1

os system: macos Catalina 10.15.2
xcode: 11.3
coreml3.0

I give same model input to the same mlmodel. But the inference results are different using cpu device and gpu device.

The results are as follows, the left file is inference result (second column) using cpu and the right file is inference result (second column) using CpuAndGpu. I use beyond compare to compare the two files, and the data marked with red color are the difference.

Does anyone know about the problem and how to fix it?

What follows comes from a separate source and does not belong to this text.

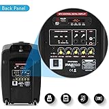 360 WATT POWER: This Pyle 2 way active PA speaker system and mic set include a handheld microphone and a 360W portable PA speaker w/ 8" Subwoofer for a full range stereo sound reproduction and impressive bass response COMPATIBLE WITH BLUETOOTH: This box type PA amplifier loud speaker is compatible with bluetooth for wireless audio streaming and works with devices like iPhone, android mobile phone, iPad, tablet, PC. Ideal for personal indoor home and outdoor use 5 INPUTS: Equipped w/ a USB port for DJ mixing / audio blending, SD card slot for MP3 playback, RCA (L/R) stereo line input jacks, and 2 ¼” microphone inputs w/ an included wired handheld mic. It also has an FM radio with digital LCD display ENGINEERED ABS HOUSING: This portable stage and studio tested active powered loudspeaker features a heavy duty engineered ABS housing in a rugged and durable cabinet design for a reliable sound. It also has a handle and wheels for easy travel RECHARGEABLE BATTERY: This compact and powerful battery powered heavy duty wireless PA system has a 12.1V lead acid 3000mAh rechargeable battery which makes it convenient and portable. Also features a rear panel button control center and remote

enter image description here

1 Answers1

1

This is not a problem per se. On the GPU, 16-bit floats are used while on the CPU 32-bit floats are used. 16-bit floats have less precision, which explains the different results you're getting.

Some numbers will be slightly larger, some will be slightly smaller, but generally these effects cancel out and you won't notice the difference.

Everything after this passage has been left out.